Life is so precious I don’t want what Larkin calls ‘the toad, work’ to ‘squat on my life’. So, trusting in G.K. Chesterton’s assertion that ‘Fairy tales are more than true; not because they tell us that dragons exist, but because they tell us that dragons can be beaten,” I’m going to try kissing the ‘toad’ [taking the initiative] to see whether work can turn into my ‘prince’. Here’s how to make a small start:
- Regain control by ‘re-framing’ the parameters. ‘Nothing is but thinking makes it so’ - easier when others think the same way… join me!
The working week. Don’t leave it to the unions or politicians, decide what is a reasonable working week for you. 40x 50hrs weeks is equivalent to 50x 40hr [i.e. 9-5!] weeks and to be honest, most people have 3 weeks off rather than 2 a year. So keep things in perspective. Keep quoting that obvious, but never mentioned, comparison when holidays are mentioned, when prodded and pressed for more. Keeping track of your time has other advantages too: you work when you work and stop when you stop – no marking while watching T.V. When there’s a meeting, that’s work, that’s less time for work at home. Being able to show ‘management’ your working hours and justify not doing more is also an advantage.
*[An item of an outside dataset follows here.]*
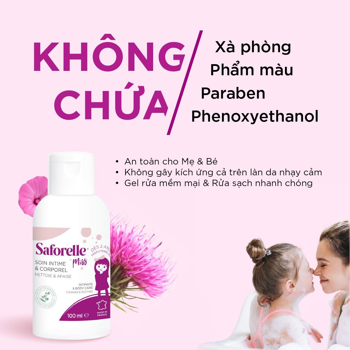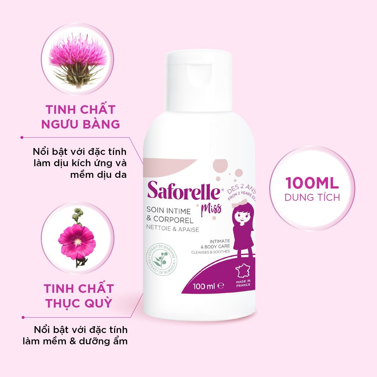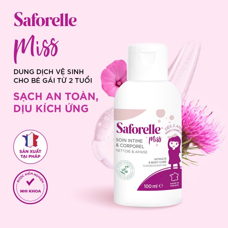 Dung dịch vệ sinh (DDVS) cho bé gái từ 2 tuổi trở lên SAFORELLE MISS được nhiều bậc phụ huynh quan tâm bởi chứa chiết xuất từ thiên nhiên là rễ cây ngưu bàng và rễ cây thục quỳ giúp làm sạch an toàn và dịu nhẹ với làn da mỏng manh của trẻ.
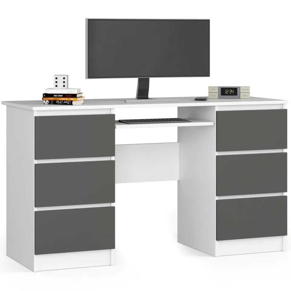 Niezależnie czy pracujesz w biurze, czy zdalnie, spędzasz przy biurku co najmniej kilka godzin dziennie. Doskonale zdajesz sobie więc sprawę, że od wyboru tego mebla w dużej mierze zależy komfort Twojej pracy. W tej roli doskonale sprawdzi się biurko komputerowe A-11. Posiada aż 6 pojemnych szuflad o głębokości 34,5 cm, w których bez problemu zmieścisz wszystkie dokumenty oraz sprzęt. Biurko posiada także wysuwaną półkę, na której wygodnie postawisz klawiaturę lub schowasz najpilniejsze notatki. Klasyczne połączenie bieli oraz grafitu szarego będzie świetnie pasować do prostych, eleganckich biur.

Professionalism. Time is money to the professional, ask any lawyer. Keep thinking in those terms and you can ask whether a new initiative, extra demand, additional statistic etc is cost effective in terms of your time. Will you get paid for the booster classes? If not, they need to be accounted for in your weekly time. You can ask for a ‘time budget’ to do the extras suddenly flung your way: ‘how long do you expect this to take?’ is a perfectly reasonable question; then send in a note of how long it actually took ‘for bearing in mind next time’ and add it to your hours. Keep up the gentle, polite pressure to be realistic about your time. By the way, you don’t get paid for your lunch hour, so go for a walk, read a book, escape for at least half the time.
- Re-direct your ‘urge to splendour’. We all want to be the best teacher, admired, remembered, valued – re-think what for.
Relationships. Pass on to colleagues and students your values and passions by living them out. That way you are re-energised by what you put effort into. At a previous school praise postcards were available to students for teachers, so at my next school I got students to write a ‘thank you’ card to a teacher or TA whom they appreciated, saying why. No one knew I’d organised it; the genuine delight and surprised joy of the colleagues I saw finding their cards still gives me a buzz. Bringing in a few flowers for your desk and sometimes for a colleague; lend a student a book you think they’ll enjoy; teach individuals, human to human – much more rewarding.
Banish fear. You’re an adult: don’t be bullied. ‘Before a skeleton, the repressive aspects of others’ opinions have a habit of shedding their powers of intimidation.’ [Alain de Botton, Status Anxiety] Think long term. Think ‘life’, not ‘statistic’.
Education is not about Ofsted or targets: it is about enabling each new generation to become the best individuals they can be. Be your best self and this ‘toad’ may just turn into a prince.